* **Aim of the task**: Starting at the line holding "Outside offers over" and finishing at the line holding "Small Florabotanica parfum, Small", transcribe the material exactly, keeping both ends but no pictures.

* **Records shown**:

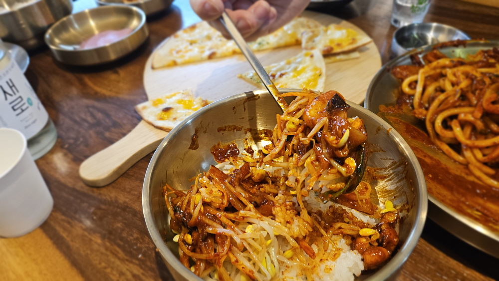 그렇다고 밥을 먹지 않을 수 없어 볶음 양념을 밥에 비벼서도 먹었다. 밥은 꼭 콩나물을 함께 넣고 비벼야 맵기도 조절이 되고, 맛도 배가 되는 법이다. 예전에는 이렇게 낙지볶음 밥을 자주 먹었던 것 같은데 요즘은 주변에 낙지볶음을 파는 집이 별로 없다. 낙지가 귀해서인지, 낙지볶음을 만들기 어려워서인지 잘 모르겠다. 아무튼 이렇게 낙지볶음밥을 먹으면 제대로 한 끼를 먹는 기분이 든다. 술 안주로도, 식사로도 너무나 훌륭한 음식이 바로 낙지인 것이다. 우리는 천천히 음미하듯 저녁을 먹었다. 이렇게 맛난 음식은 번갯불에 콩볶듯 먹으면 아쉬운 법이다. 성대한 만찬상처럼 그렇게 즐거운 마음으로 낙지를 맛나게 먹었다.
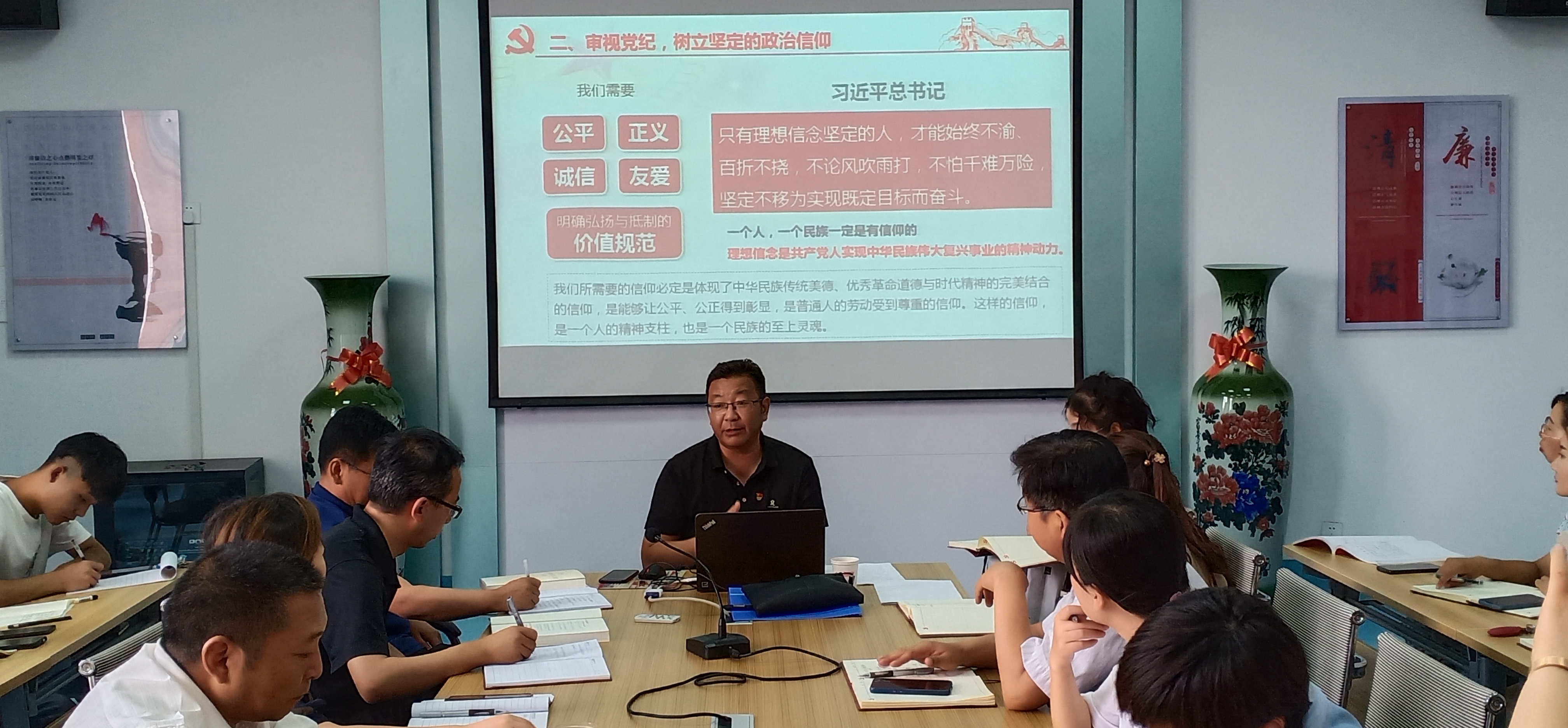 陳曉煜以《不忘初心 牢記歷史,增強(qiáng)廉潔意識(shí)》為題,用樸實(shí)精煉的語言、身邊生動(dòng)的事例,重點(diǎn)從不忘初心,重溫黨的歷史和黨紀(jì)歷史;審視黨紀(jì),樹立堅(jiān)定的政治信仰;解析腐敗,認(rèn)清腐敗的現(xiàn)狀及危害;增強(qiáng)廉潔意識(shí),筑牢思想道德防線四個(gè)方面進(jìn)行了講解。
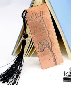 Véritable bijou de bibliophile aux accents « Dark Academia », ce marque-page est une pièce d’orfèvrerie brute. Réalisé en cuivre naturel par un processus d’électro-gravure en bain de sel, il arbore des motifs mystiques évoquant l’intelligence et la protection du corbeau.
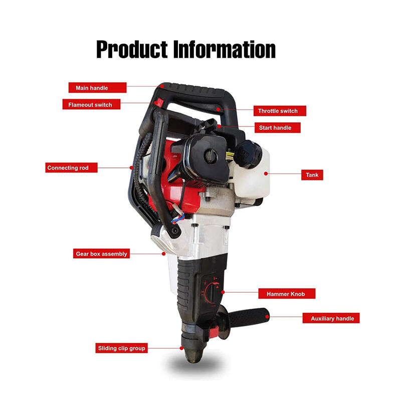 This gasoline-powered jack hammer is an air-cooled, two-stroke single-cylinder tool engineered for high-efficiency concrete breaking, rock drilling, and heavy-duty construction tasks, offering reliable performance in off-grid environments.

==

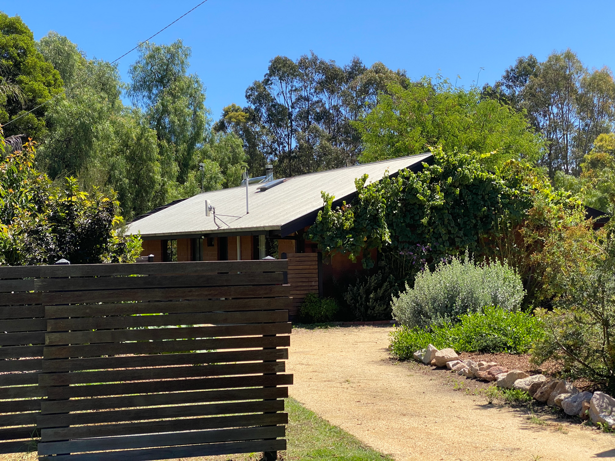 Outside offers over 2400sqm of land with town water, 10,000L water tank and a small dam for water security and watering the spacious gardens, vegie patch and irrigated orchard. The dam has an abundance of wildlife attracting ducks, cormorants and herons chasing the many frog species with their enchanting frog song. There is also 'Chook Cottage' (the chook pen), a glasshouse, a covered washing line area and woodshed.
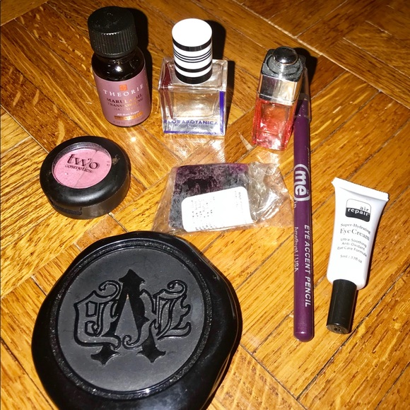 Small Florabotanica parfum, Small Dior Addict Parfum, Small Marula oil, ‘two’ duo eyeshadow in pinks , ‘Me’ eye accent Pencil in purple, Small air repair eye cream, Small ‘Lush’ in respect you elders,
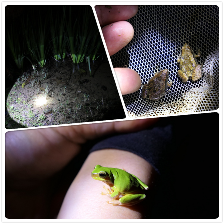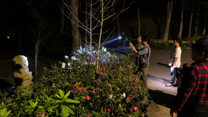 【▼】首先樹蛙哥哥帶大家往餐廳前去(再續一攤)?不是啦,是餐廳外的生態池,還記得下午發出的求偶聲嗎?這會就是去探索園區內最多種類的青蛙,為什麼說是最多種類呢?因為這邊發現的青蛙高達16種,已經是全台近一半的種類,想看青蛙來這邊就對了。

* * *

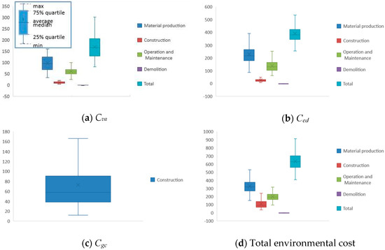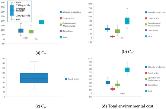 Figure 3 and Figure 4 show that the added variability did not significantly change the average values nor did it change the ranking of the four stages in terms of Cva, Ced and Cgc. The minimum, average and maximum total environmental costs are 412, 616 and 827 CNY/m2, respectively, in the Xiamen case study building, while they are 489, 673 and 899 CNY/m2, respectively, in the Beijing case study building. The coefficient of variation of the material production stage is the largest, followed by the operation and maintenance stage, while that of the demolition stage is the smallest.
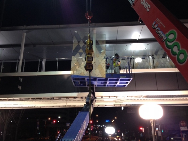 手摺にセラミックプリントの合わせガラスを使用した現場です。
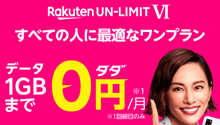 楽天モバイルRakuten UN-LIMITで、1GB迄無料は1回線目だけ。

* **Solution to the exercise**:
 Outside offers over 2400sqm of land with town water, 10,000L water tank and a small dam for water security and watering the spacious gardens, vegie patch and irrigated orchard. The dam has an abundance of wildlife attracting ducks, cormorants and herons chasing the many frog species with their enchanting frog song. There is also 'Chook Cottage' (the chook pen), a glasshouse, a covered washing line area and woodshed.
 Small Florabotanica parfum, Small Dior Addict Parfum, Small Marula oil, ‘two’ duo eyeshadow in pinks , ‘Me’ eye accent Pencil in purple, Small air repair eye cream, Small ‘Lush’ in respect you elders,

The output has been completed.